▶ **TASK TO COMPLETE**: The entire listing that follows must be repeated exactly, pictures excluded.

▶ **RECORDED INFORMATION**:
______

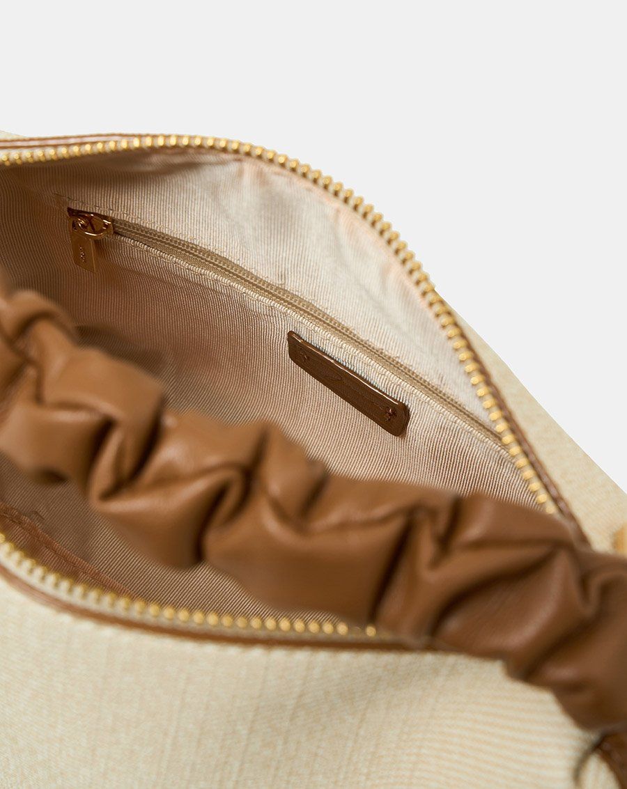 Sự phối hợp độc đáo giữa chất liệu canvas ở thân túi và da PU phần viền và tay cầm
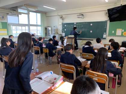 10月31日(木)5時間目、6年2組は算数で「道のり」と「時間」と「速さ」について学習していました。積極的に手が挙がっていました。
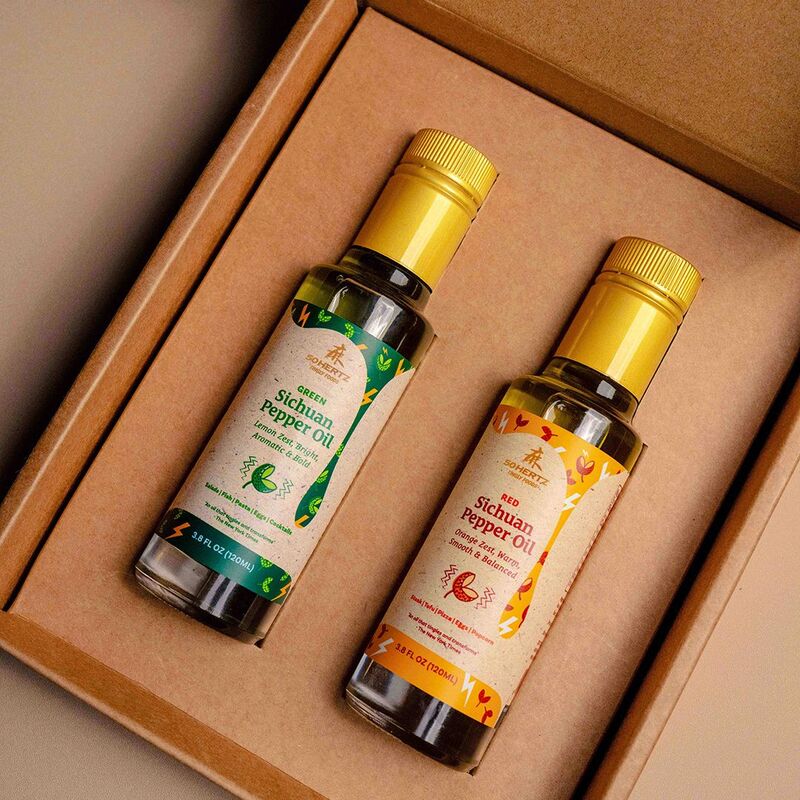 Our elegantly designed holiday gift pack contains one Green and one Red Sichuan Pepper Oil, accompanied by our informational insert card which tells the stories of our brand and the less known facts about Sichuan Pepper.

______

▶ **SOLUTION**:
 Sự phối hợp độc đáo giữa chất liệu canvas ở thân túi và da PU phần viền và tay cầm
 10月31日(木)5時間目、6年2組は算数で「道のり」と「時間」と「速さ」について学習していました。積極的に手が挙がっていました。
 Our elegantly designed holiday gift pack contains one Green and one Red Sichuan Pepper Oil, accompanied by our informational insert card which tells the stories of our brand and the less known facts about Sichuan Pepper.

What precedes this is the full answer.